Queremos fazer para 5,5 milhões de alunos, mas não damos o exemplo. Temos 26 deputados na Casa, hoje, entre 94, nesta sexta-feira; 26 que passaram por aqui em algum momento. Mas é o dia de estar nas bases, é o dia de estar em outras atividades. Mas gostaria de ver esta Casa também com controle eletrônico de frequência para os nobres deputados darem o exemplo para a população. Tenho certeza de que o reconhecimento da Assembleia Legislativa do Estado de São Paulo será muito maior.

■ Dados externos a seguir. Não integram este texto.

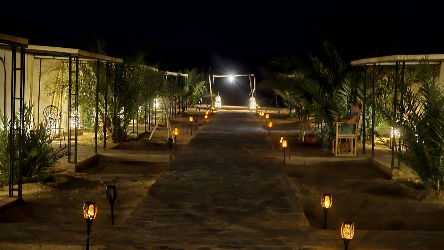 where the lights of the kasbahs in the area come on after sunset.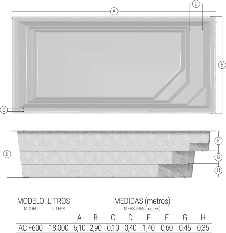 Com linhas contemporâneas e design sofisticado, a piscina Acapulco integra uma ampla área de nado e um lindo banco aconchegante. A leveza das suas linhas de design se fundem com os degraus de acesso – fazendo dela uma piscina moderna e perfeita para completar seu espaço de lazer. Está disponível nas cores azul e branca.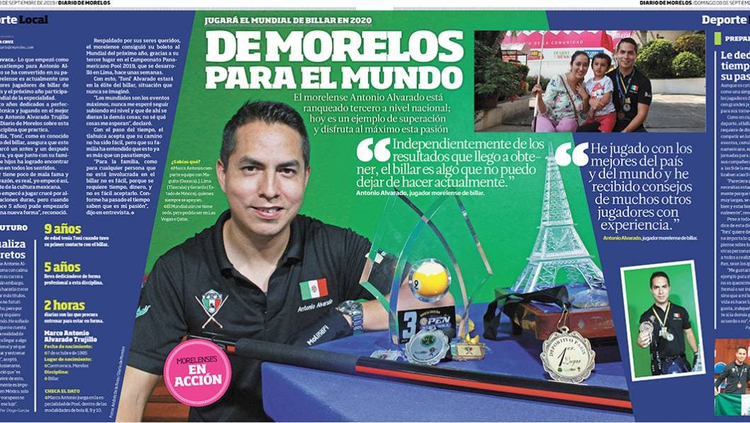 Cuernavaca.- Lo que empezó como un pasatiempo para Antonio Alvarado se ha convertido en su pasión. El morelense es actualmente uno de los mejores jugadores de billar de nuestro país y el próximo año participará en el Mundial de la especialidad.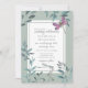 Este belo convite para o casamento apresenta duas libélulas aquáticas, uma em tons de azul e verde com asas iridescentes e a outra com asas em tons de roxo e rosa. Eles estão assentando em um arranjo simples de vegetação natural de jardins de aquarela em tons de verde, azul, cinza e marrom. -

Mas quero aproveitar esse tempo para lembrar que estamos no dia 03 de junho, faltam 27 dias para o recesso parlamentar de julho, restam 11 dias com possibilidade de votação – terças, quartas e quintas. Sendo que os últimos três dias deverão ser dedicados ao debate e à votação da LDO.
V. Excelência falava do minguado recurso que o governador disse que vai disponibilizar para o reajuste salarial dos servidores, que não vai compensar as perdas da Educação, mas até agora esse projeto não chegou na Assembleia. Para a Segurança Pública foi dito, através do Comandante Geral da Polícia Militar, numa reunião no dia 17 de maio agora, no Comando Geral, com os representantes das entidades das associações policiais militares que em julho os policiais teriam aumento salarial.
E por que estou falando isso? Porque se alimentam com ilusões aqueles que já estão por demais sofridos, e a gente observa que não vão ter, os policiais militares e civis, qualquer reajuste de jeito nenhum. Ainda se fosse encaminhada uma mensagem na segunda-feira, mesmo com pedido de urgência, mesmo com relator especial, mas não vai. E a estratégia do Governo é essa; já faz mais de 15 dias que foi feito o anúncio da Educação e o projeto não deu entrada aqui. Fez pompas e circunstâncias no Palácio do Governo, mas não deu entrada aqui, porque acharam que os profissionais da Educação iam dizer: “Nossa! Graças a Deus o Messias voltou.” Só que na hora em que vamos fazer as contas, em vez disso nem as perdas inflacionárias dos últimos quatro anos serão repostas. E da Segurança Pública pior ainda.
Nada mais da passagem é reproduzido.